Every week day and some weekends I sit down to read the latest research on food and health. It has become a habit and it vastly increases my knowledge base about food and nutrition. I then pick out the information that is important for the readers of Changing Habits and put it on facebook, twitter and in my latest newsletter and in my blogs on the Changing Habits website.
Believe it or not there is a lot that excites me but nothing has excited me as much of late as the news that saturated fats, (found in butter, cream, red meat and other animal based foods as well as coconut) seem to have no relation to heart disease. I’ve been saying this for years and now there is a study which has concluded this very thing from results of 21 previous studies on 348,000 adults by Dr Ronald M Krauss of the Children’s Hospital Oakland Research Institute (CHORI).
The study included participants, who were generally healthy from the start, who were surveyed about their diet habits and then followed for anywhere from five to 23 years. Over that time, 11,000 developed heart disease or suffered a stroke. Overall, Krauss and his colleagues found that there was no difference in the risks of heart disease and stroke between people with the lowest and highest intakes of saturated fat.
The analysis included what are known as epidemiological studies – where the researchers looked for associations between people’s reported diet habits and their risk of heart disease and stroke. Dr Krauss is a very well known and respected researcher. He is prolific with published papers in prestigious health periodicals and has many credentials to his name- (see end of this article.)
When ever I see this type of research that so opposes other research on the market I first like to see who funds the research and secondly, it makes it very very clear that we cannot focus alone on single nutrients, macro (carbohydrates, protein, fats) or micro (vitamins, minerals, antioxidants, phytonutrients) but rather that we must look at dietary and lifestyle patterns that increase health and prevent disease.
Changing Habits is one such diet and lifestyle that does increase health and ultimately prevents disease. It’s very very easyto eat foods provided by nature and stay away from technology and human interference foods.
Credentials of Dr Ronald M Krauss
Ronald M. Krauss, M.D., is Director of Atherosclerosis Research at Children’s Hospital Oakland Research Institute, Senior Scientist in the Life Sciences Division of Lawrence Berkeley National Laboratory, and Adjunct Professor in the Department of Nutritional Sciences, University of California at Berkeley. He received his undergraduate and medical degrees from Harvard University with honors and served his internship and residency on the Harvard Medical Service of Boston City Hospital. He then joined the staff of the National Heart, Lung, and Blood Institute in Bethesda, Maryland, first as Clinical Associate and then as Senior Investigator in the Molecular Disease Branch. Dr. Krauss is board-certified in internal medicine, endocrinology and metabolism, and is a member of the American Society for Clinical Investigation, the American Federation for Clinical Research, and the American Society of Clinical Nutrition. He has received a number of awards including the American Heart Association Scientific Councils Distinguished Achievement Award.

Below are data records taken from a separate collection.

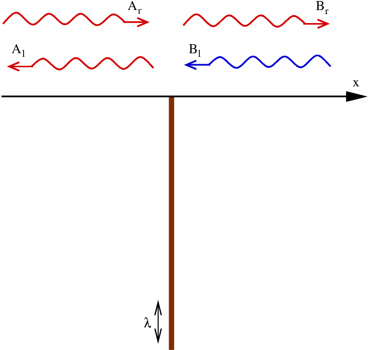 figure of a delta potential well created by me, Bamse 08:53, 21 August 2006 (UTC)
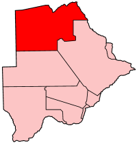 Map of Botswana showing North-West district.
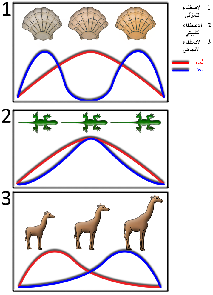 A chart showing three types of selection.
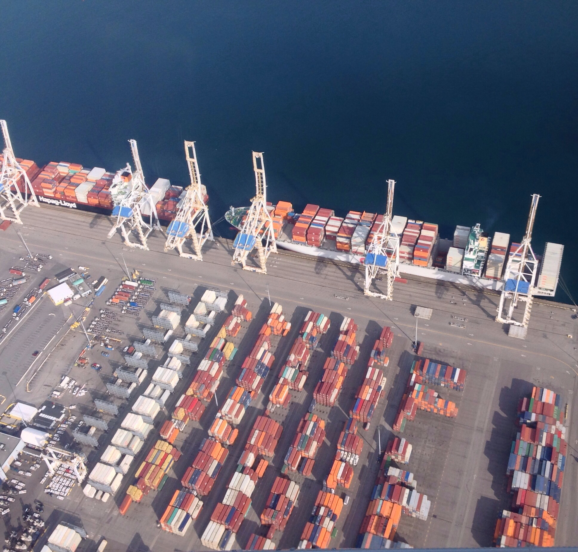 An aerial view of part of the Roberts Bank Superport showing a container ship. Taken in 2014.
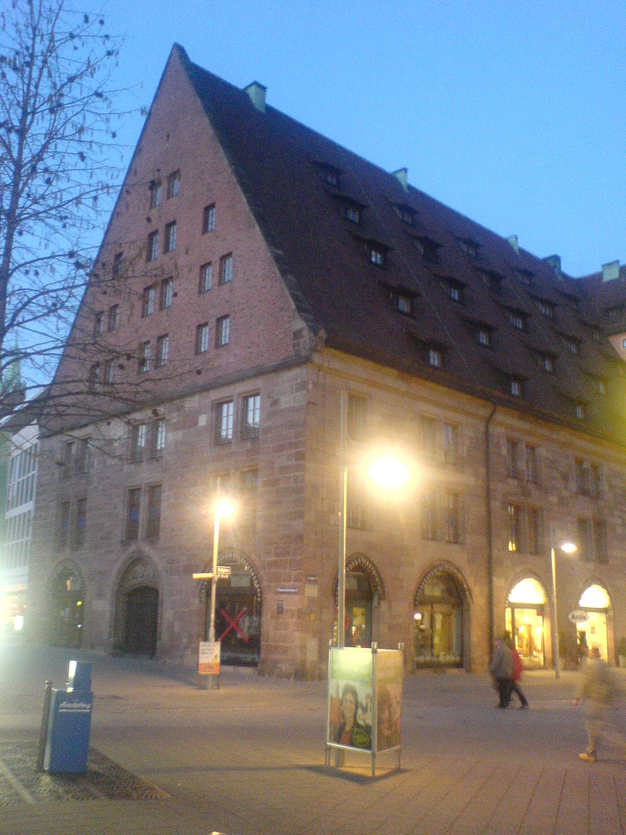 Mauthalle, Nuremberg, Germany
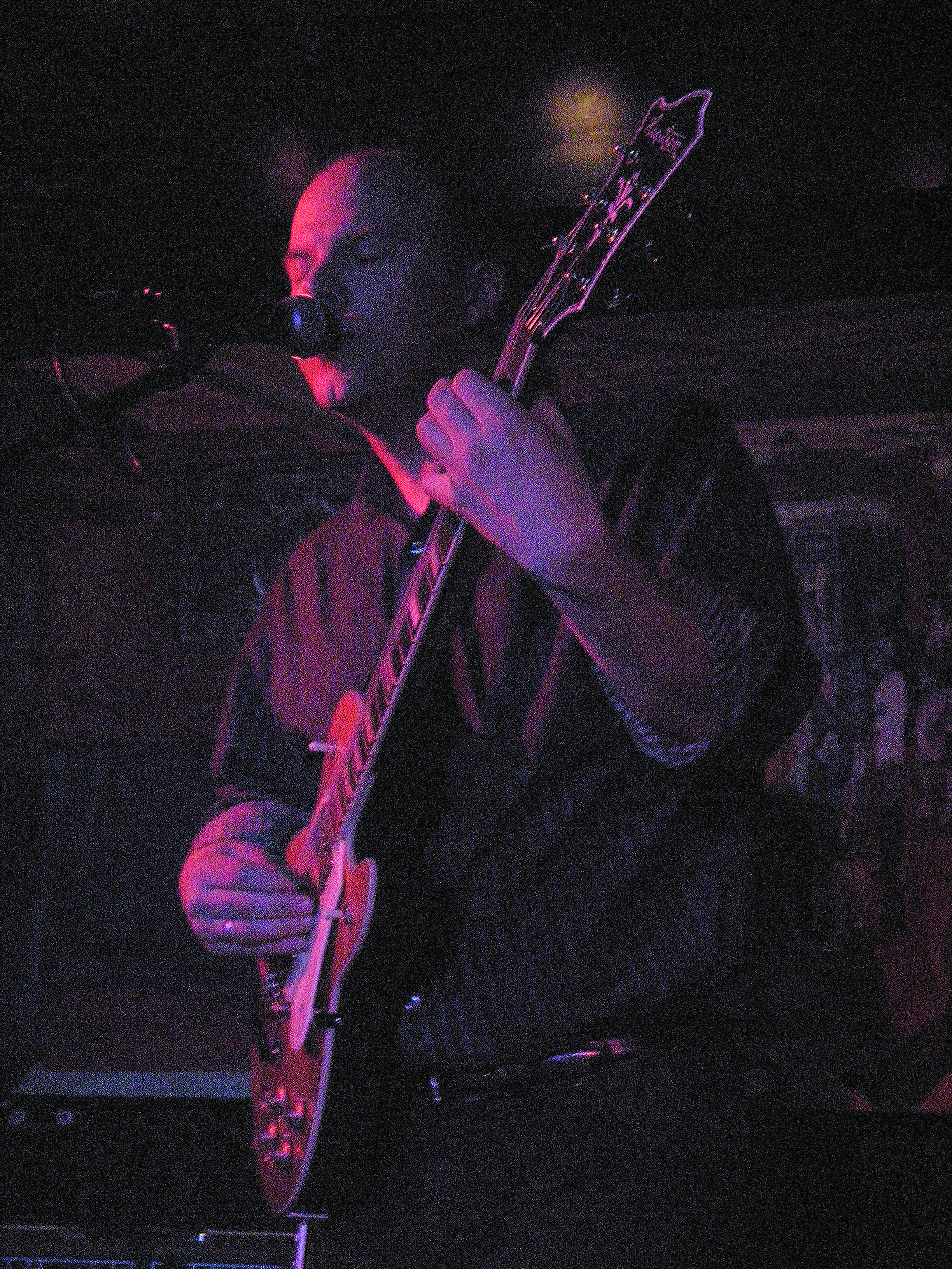 David Grubbs performing as part of EMP Pop Conference Night at the Sunset in Seattle's Ballard neighborhood, part of the 2009 Pop Conference, Experience Music Project, Seattle, Washington.
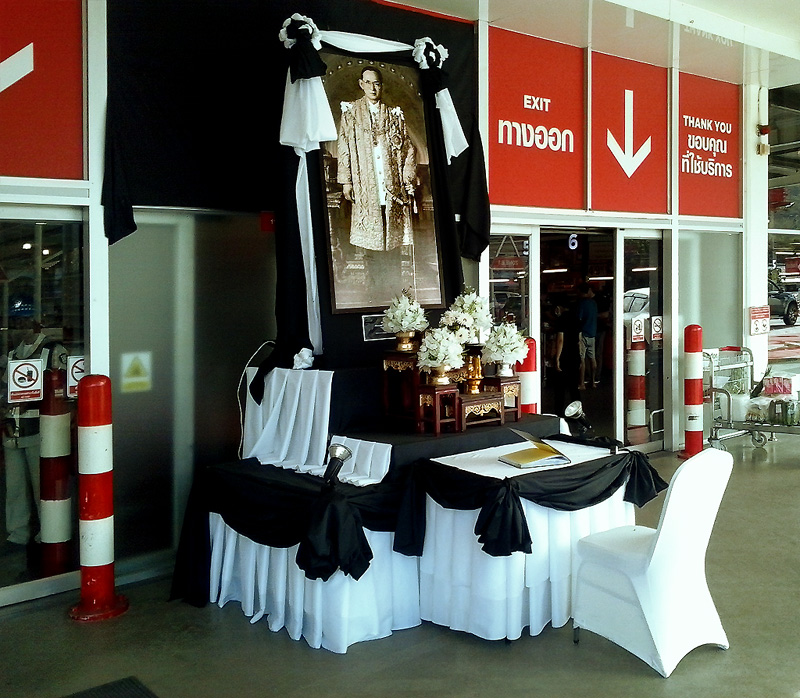 Mourning for King Bhumibol Adulyadej, condolence book in font of Makro in Bo Phut at Koh Samui.
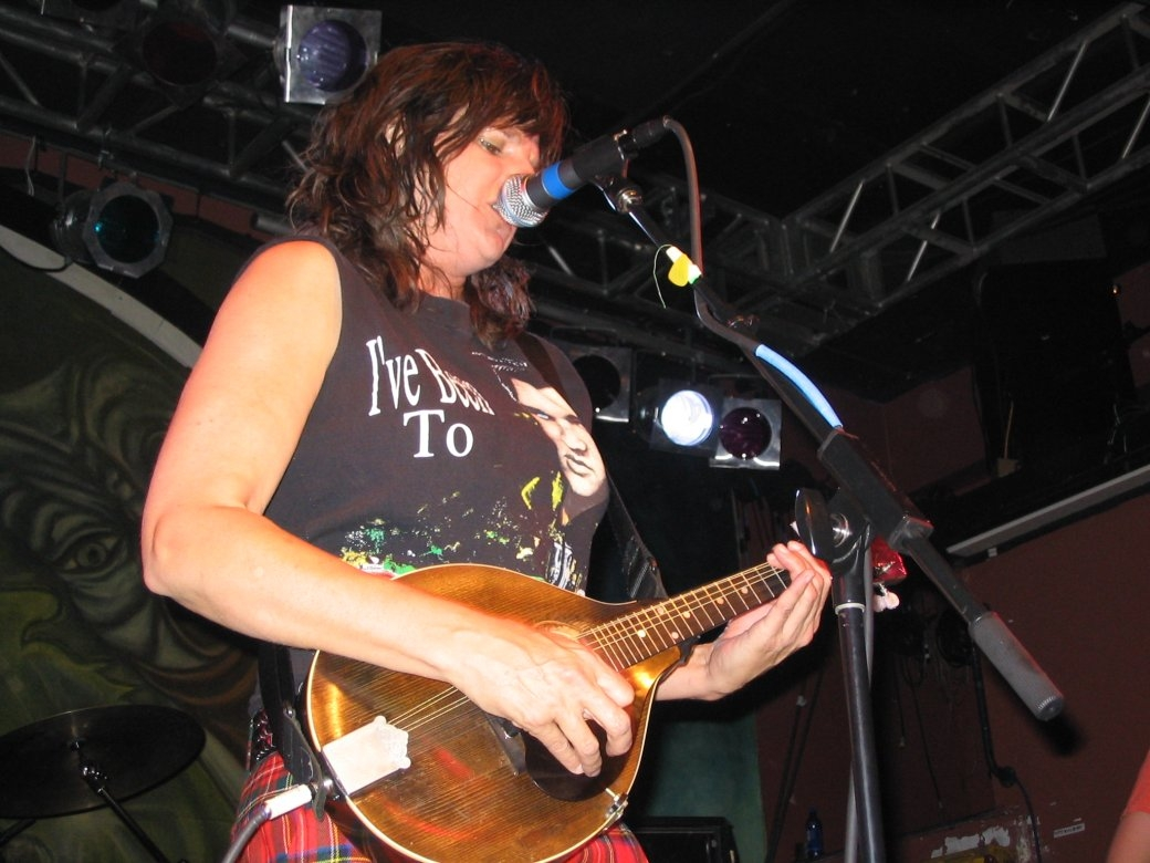 American musician Amy Ray.

Dr. Krauss has been a Senior Advisor to the National Cholesterol Education Program, and is actively involved with the American Heart Association (AHA), having served as Chairman of the Nutrition Committee. He is founder and Chair of the AHA Council on Nutrition, Physical Activity, and Metabolism. His research involves studies of genetic, dietary, and hormonal effects on plasma lipoproteins and coronary disease risk.